It’s really interesting to me that we can get better performance than the naive @simd loop without a parallel multiple-bins type of re-ordering (for Float64, on my arch). It’s still not as fast as it could be… and using multiple bins (if op is commutative, of course) gives us yet better performance and greater numerical stability at the same time.
reduce_mb_4
julia> function reduce_mb_4(op, A)
f = identity
inds = eachindex(A)
i1, iN = firstindex(inds), lastindex(inds)
n = length(inds)
v = zero(eltype(A))
for batch in 0:(n>>4)-1
i = i1 + batch*16
@nexprs 16 N->a_N = @inbounds A[inds[i+(N-1)]]
@nexprs 16 N->fa_N = f(a_N)
@nexprs 2 N->v_N = op(op(op(op(op(op(op(fa_{(N-1)*8+1}, fa_{(N-1)*8+2}), fa_{(N-1)*8+3}), fa_{(N-1)*8+4}), fa_{(N-1)*8+5}), fa_{(N-1)*8+6}), fa_{(N-1)*8+7}), fa_{(N-1)*8+8})
v = op(v, op(v_1, v_2))
end
i = i1 + (n>>4)*16 - 1
i == iN && return v
for i in i+1:iN
ai = @inbounds A[inds[i]]
v = op(v, f(ai))
end
return v
end
reduce_mb_4 (generic function with 1 method)
julia> function sum_simd(A)
r = zero(eltype(A))
@simd for i in eachindex(A)
r += @inbounds A[i]
end
r
end
sum_simd (generic function with 1 method)

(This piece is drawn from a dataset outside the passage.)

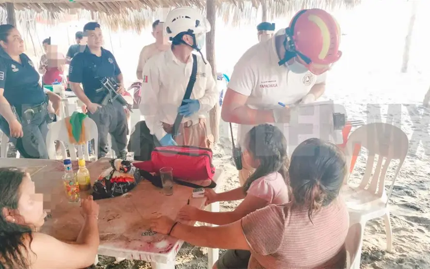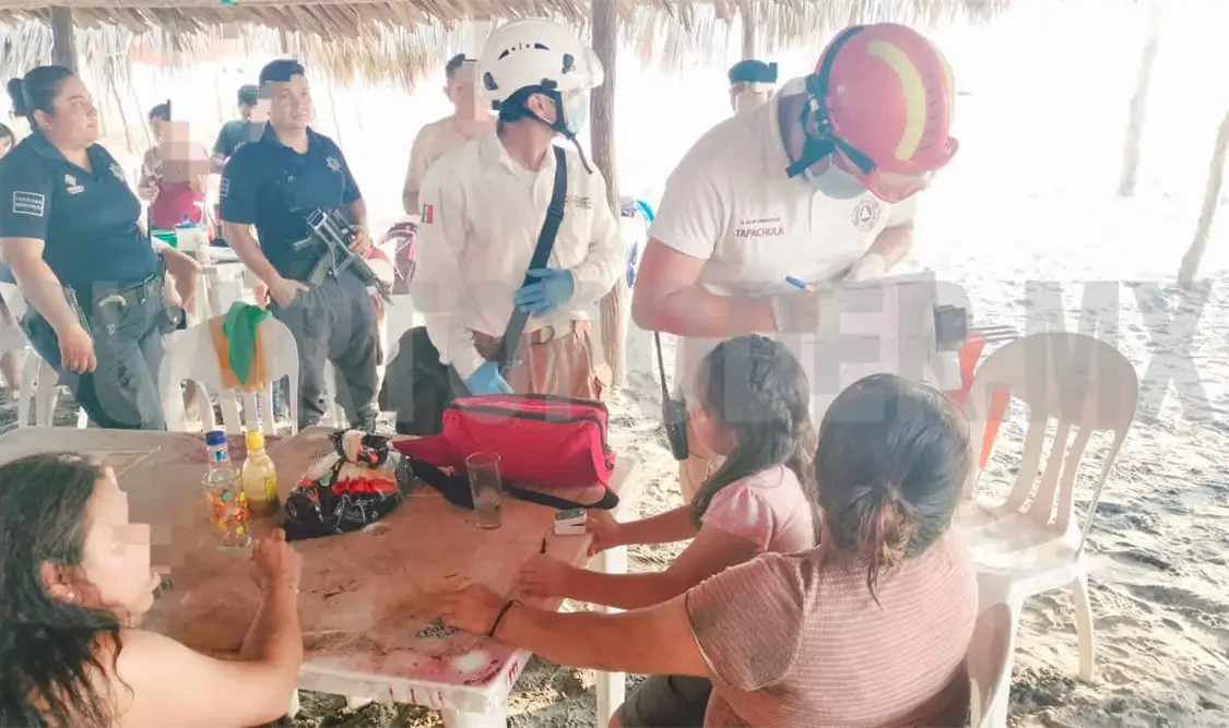 Personas que se encontraban en la playa de San Benito en Puerto Madero, Tapachula, rescataron a una mujer que se estaba ahogando en el mar, la cual fue auxiliada por paramédicos de Protección Civil.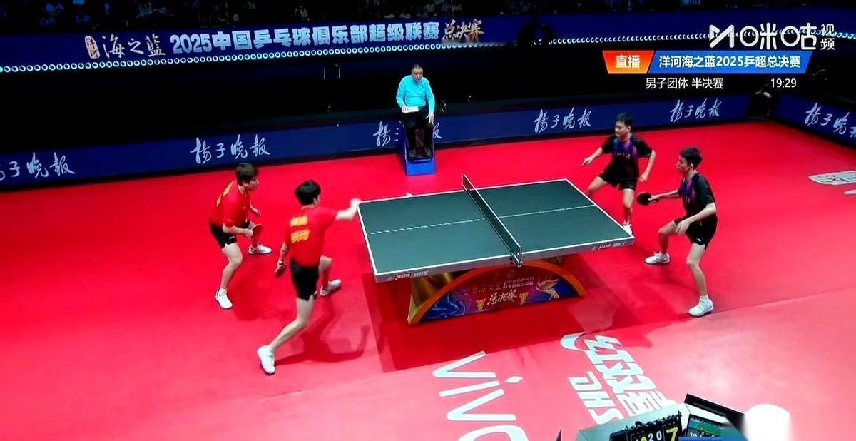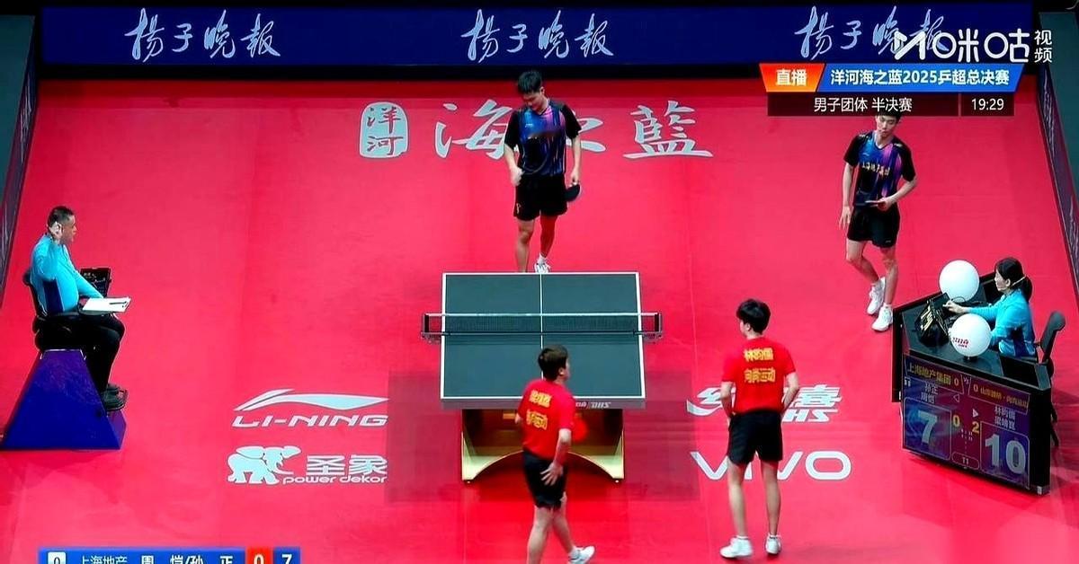 妈呀,大胖(梁靖崑)他们也太狠了。 上来就是个3-0,干净利落,直接把对面剃了个光头。 有一局比分是11-3,我寻思我上我也行,反正都是接个发球就完事儿…… 说真的,这球看着都替周恺/孙正那边捏把汗。 就感觉完全被按在地上摩擦,节奏、力量、配合,说白了,真不是一个量级的。大胖跟林昀儒这俩人凑一块儿,那化学反应,绝了。 最有意思的是啥? 是听说旁边还有个当球童的小朋友,一边看神仙打架,一边……吃凉皮? 哈哈哈哈,这画面感。 管你们场上杀得天昏地暗,我先干为敬,这才是真正的人生赢家。 山东队这配置,就是来收割比赛的,没啥好说的。 现在上海0-1落后,下一场……赵子豪要对王楚钦。 嗯…… 兄弟,顶住。

julia> A = rand(10000); B = @view A[begin:2:end];
julia> @btime reduce_mb_4(+, $A)
733.008 ns (0 allocations: 0 bytes)
4977.12180940769
julia> @btime sum_simd($A)
1.142 μs (0 allocations: 0 bytes)
4977.121809407697
julia> A = rand(Float32, 10000); B = @view A[begin:2:end];
julia> @btime reduce_mb_4(+, $A)
924.029 ns (0 allocations: 0 bytes)
5002.0093f0
julia> @btime sum_simd($A)
561.935 ns (0 allocations: 0 bytes)
5002.0117f0
Here’s my overarching thought: foldl and foldr have well defined associativity. We get to choose the associativity of reduce. Right now, we sometimes use a pairwise algorithm with a relatively large block size (1024) over an @simd loop (which may sometimes include further splitting into parallel accumulators, depending on architecture and element type and bounds checking and type stability and indexability and data layout).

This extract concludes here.